Помолчал, думая, что еще может сообщить о себе, но ничего путного вспомнить не мог, словно это был единственный текст для его роли.
— Теперь ушел из театра и развожусь.
— З-з-завидую, — выдавил заика.
— А у нас все просто, — произнес полковник с усмешкой. — Плен, а потом тюрьма.
— Как так? — не понял Дальский.
Ему не ответили. Сержант опять наполнил стаканчики.

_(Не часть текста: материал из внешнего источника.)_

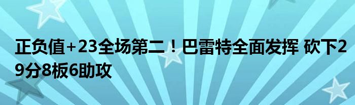 此役,巴雷特發(fā)揮出色,全場(chǎng)出戰(zhàn)36分48秒,得到29分8板6助攻,投籃21投11中,三分6中3,正負(fù)值+23,全場(chǎng)第二。
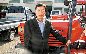 | <경북 경주시4-H후원회 김문달 회장이 자신이 운영하는 대동공업(주) 경주대리점 사업장에서 트랙터에 대해 설명하고 있다.> |
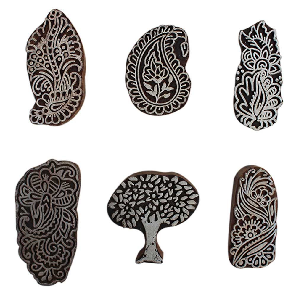 Set of 6 Piece New Mix Wooden Printing Block. Ideal for Using on Fabric, Paper, Canvas, etc. These Blocks can be use to Print with Oil Colors, Fabric Colors, Water Colors, Acrylic Colors and Vegetable Colors.
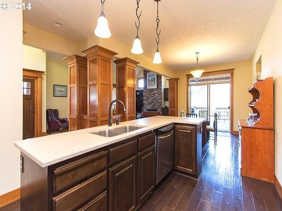 Modern Craftsman w/ all the touches you love. Gorgeous woodwork & flooring, gourmet kitchen, rock-faced gas fireplace, master suite, & formal dining room. Lovely front porch, oversized garage, fenced & landscaped yard. Close to Portland & Hood River.
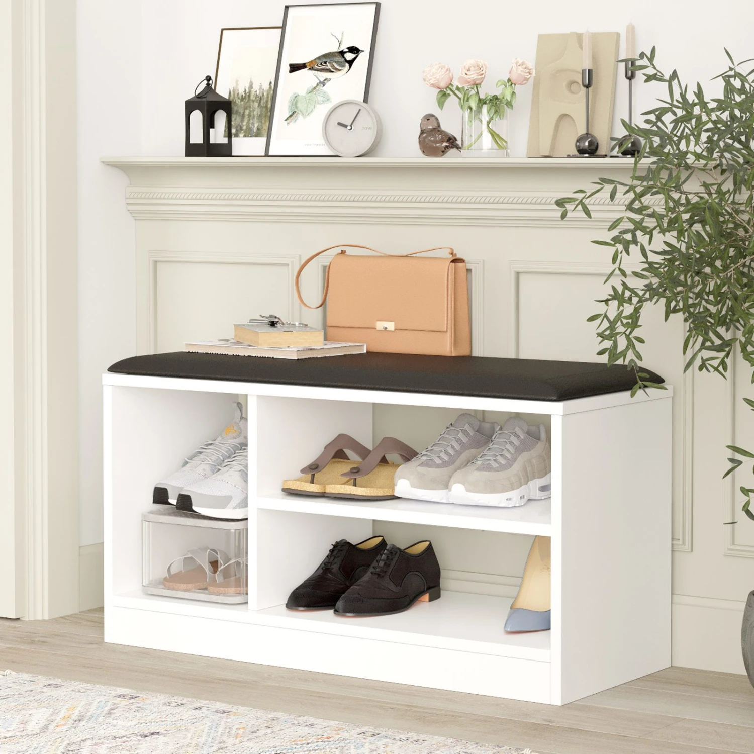 Erika schoenenkast: Stevige 18mm melamine gecoate spaanplaat structuur. Bovenkant versierd met 100% PU leer. Breedte van 89cm en elegante witte kleur

— Тебя тогда отпустили, — заговорил вновь Белов, — а меня, видимо, с самого начала решили не убивать. Мало ли, потребуется офицер для обмена пленными. Чечены нести меня не хотели, а волочить за ноги не рискнули: мало ли, вдруг загнусь. Из вокзала вывели троих выживших и приказали им нести меня до машины. Петр, — полковник показал на сержанта, — был среди них. Сначала продержали с неделю в подвале какого-то дома. Там еще десятка два с лишним таких же, как и мы, находились. Почти все раненые. Повезло еще, что военврач среди нас оказался. Чечены, правда, бинты и медикаменты дали. Но за неделю пять человек умерли. У меня ранения сквозные, мне проще было. Потом нас в село отвезли — и снова в подвал. Село тихое такое: ни войны, ни выстрелов, ничего не слышно. А в каждом дворе — подземелье, в котором такие же, вроде нас, сидели. В каком-то двое, а в каком двадцать человек. В село иногда заходили наши части, но постоянно ни одна не дислоцировалась, так как местные командованию заявили, что боевиков сами не любят и не пустят к себе. Я вот с этими парнями к старику одному попал. В доме еще две невестки его, пятеро детей и пара работников — не чеченов, из Дагестана откуда-то. Дед тот сразу нам популярно объяснил, кто мы и что будет с каждым, если хотя бы подумаем о побеге. Потом приходил, сидел на краю ямы и рассказывал, как в сорок четвертом году его семью в Казахстан вывозили, как умирали в теплушках люди, как солдаты выбрасывали трупы из вагонов. Ему тогда четырнадцать лет было, и он поклялся отомстить. Будто бы от всего их уважаемого многочисленного тейпа одиннадцать мужчин только осталось, если с ним считать.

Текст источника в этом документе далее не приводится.